**To do**: Repeat only the lines below that run from the line with "Personal Portable Blender" to the line with "Deze losvallende blouse", ends included; skip every picture.

**Data for review**:

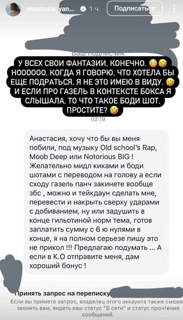 «Анастасия, хочу, чтобы вы меня побили под музыку Old school's Rap, Moob Deep или Notorious BIG! Желательно мидл-киками и боди-шотами с переводом на голову, а если сходу газель-панч закинете — вообще збс, можно и тейкдаун сделать, перевести и накрыть сверху ударами с добиванием, ну или задушить в конце гильотиной. Норм тема, готов заплатить сумму с 6 нулями в конце. Я на полном серьезе пишу, это не прикол! Предлагаю подумать. А если в нокаут отправите — дам хороший бонус!» — написал Яньковой подписчик.
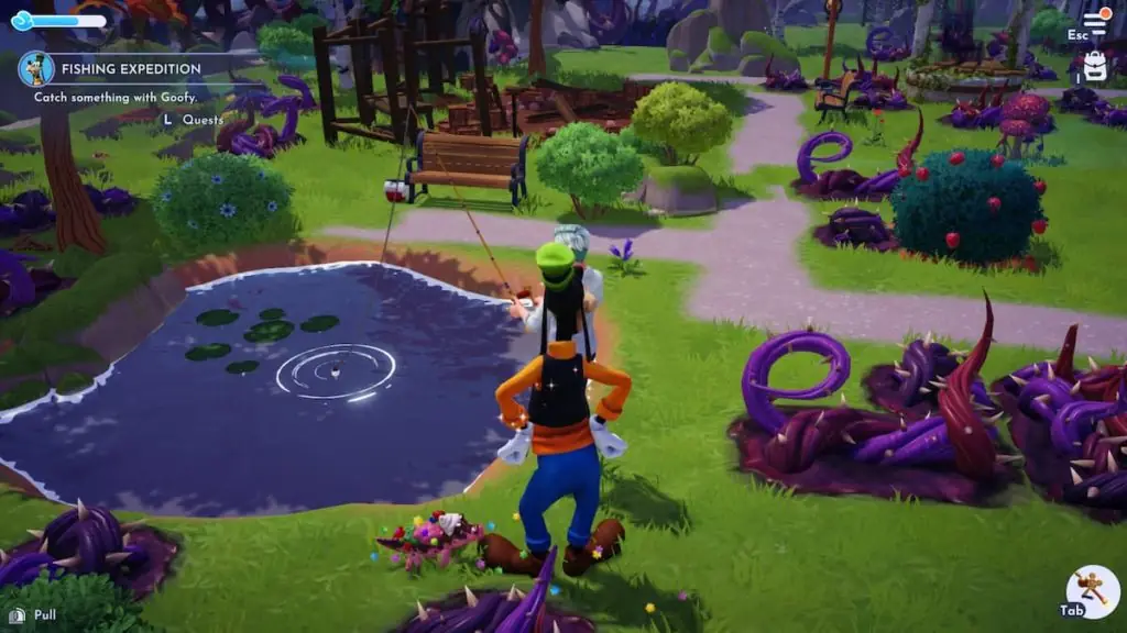 The ponds will bubble. In entrance of a kind of ponds will likely be a fishing rod. Pick it up and go to Goofy’s home, the place he’ll commerce the damaged fishing rod for a working one.
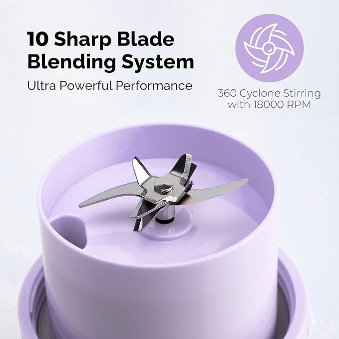 Personal Portable Blender For Shakes & Smoothies, Leakproof & Stylish Portable Mason Jar Shaker, Rechargeable Mini Blender with 10-Blade Blending System 14oz, Purple
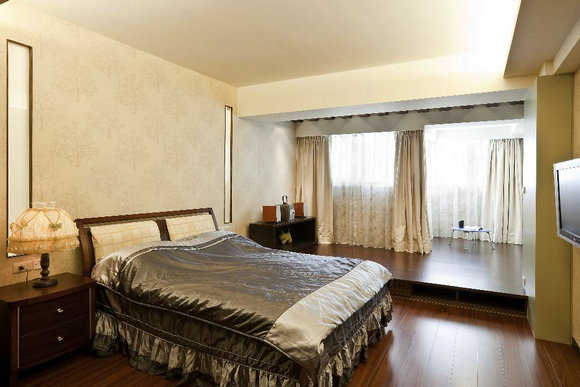 三间卧室都有相当宽广的活动空间,主卧以稳重的铺排,典雅的壁纸与柔和的灯光营造温馨氛围,并在窗边架高木地板成为小和室,方便男女主人与年幼的孩童相处。
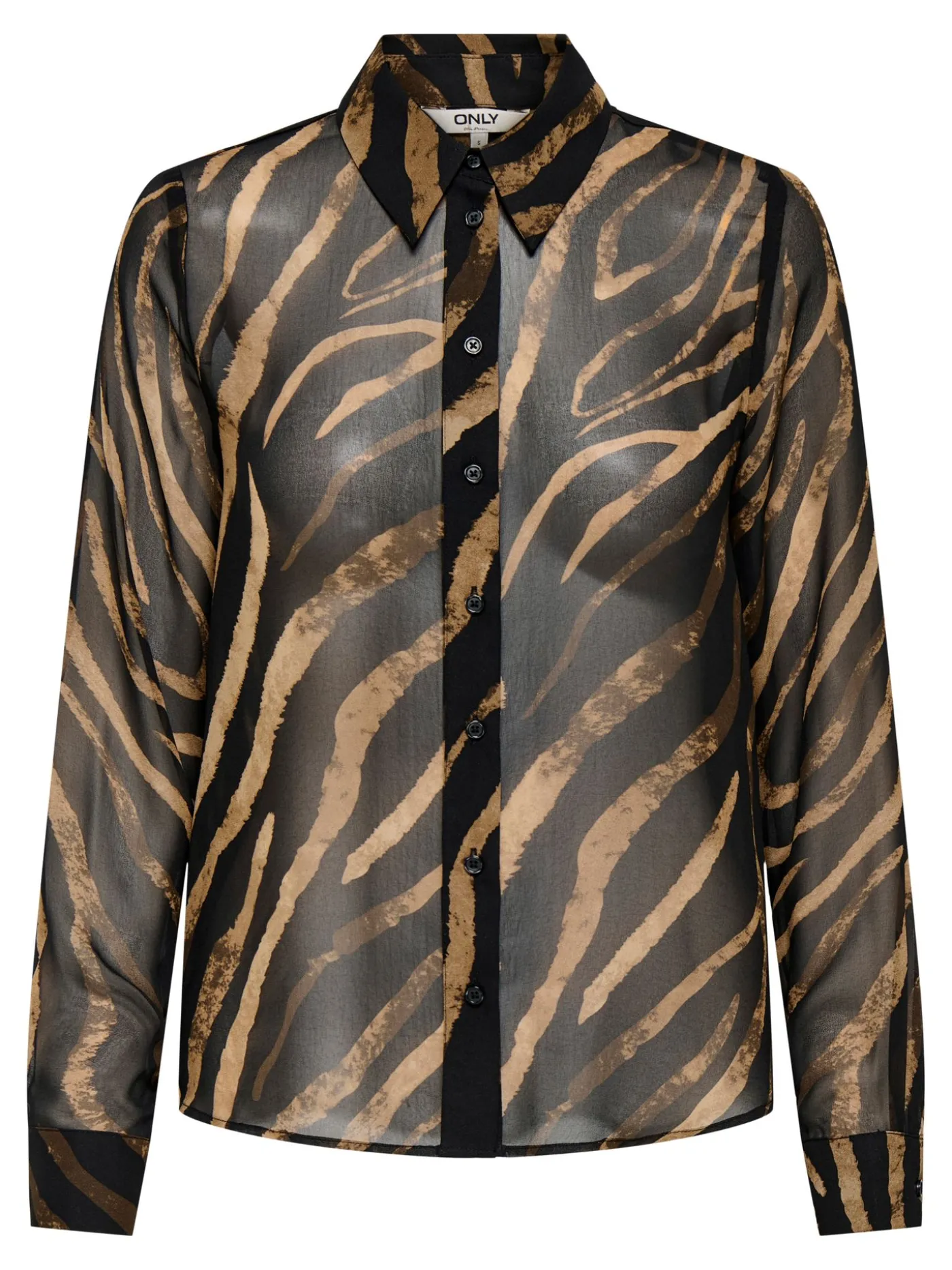 Deze losvallende blouse van Only combineert elegantie met een trendy look. Het doorschijnende zwarte materiaal is subtiel versierd met bruine strepen voor een speels effect. De lichte stof voelt zacht aan op de huid en valt soepel over het lichaam. Dankzij de relaxte pasvorm draag je de blouse comfortabel de hele dag. Perfect te combineren met jeans, rokken of shorts voor een stijlvolle, casual outfit.
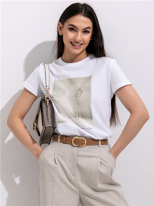 футболка,хлопок 100%,кулир / хлопок 100%,белый / - / Веточка в вазе / - / - / -,Футболка выполнена из легкого хлопкового полотна. Изделие свободного покроя с короткими рукавами и округлым вырезом горловины, украшено дизайнерским принтом. Уход: только машинная стирка (руками не стирать!) при температуре 40 градусов, без предварительного замачивания. Изделия с печатью перед стиркой необходимо вывернуть на изнаночную сторону.

**Solution**:
 Personal Portable Blender For Shakes & Smoothies, Leakproof & Stylish Portable Mason Jar Shaker, Rechargeable Mini Blender with 10-Blade Blending System 14oz, Purple
 三间卧室都有相当宽广的活动空间,主卧以稳重的铺排,典雅的壁纸与柔和的灯光营造温馨氛围,并在窗边架高木地板成为小和室,方便男女主人与年幼的孩童相处。
 Deze losvallende blouse van Only combineert elegantie met een trendy look. Het doorschijnende zwarte materiaal is subtiel versierd met bruine strepen voor een speels effect. De lichte stof voelt zacht aan op de huid en valt soepel over het lichaam. Dankzij de relaxte pasvorm draag je de blouse comfortabel de hele dag. Perfect te combineren met jeans, rokken of shorts voor een stijlvolle, casual outfit.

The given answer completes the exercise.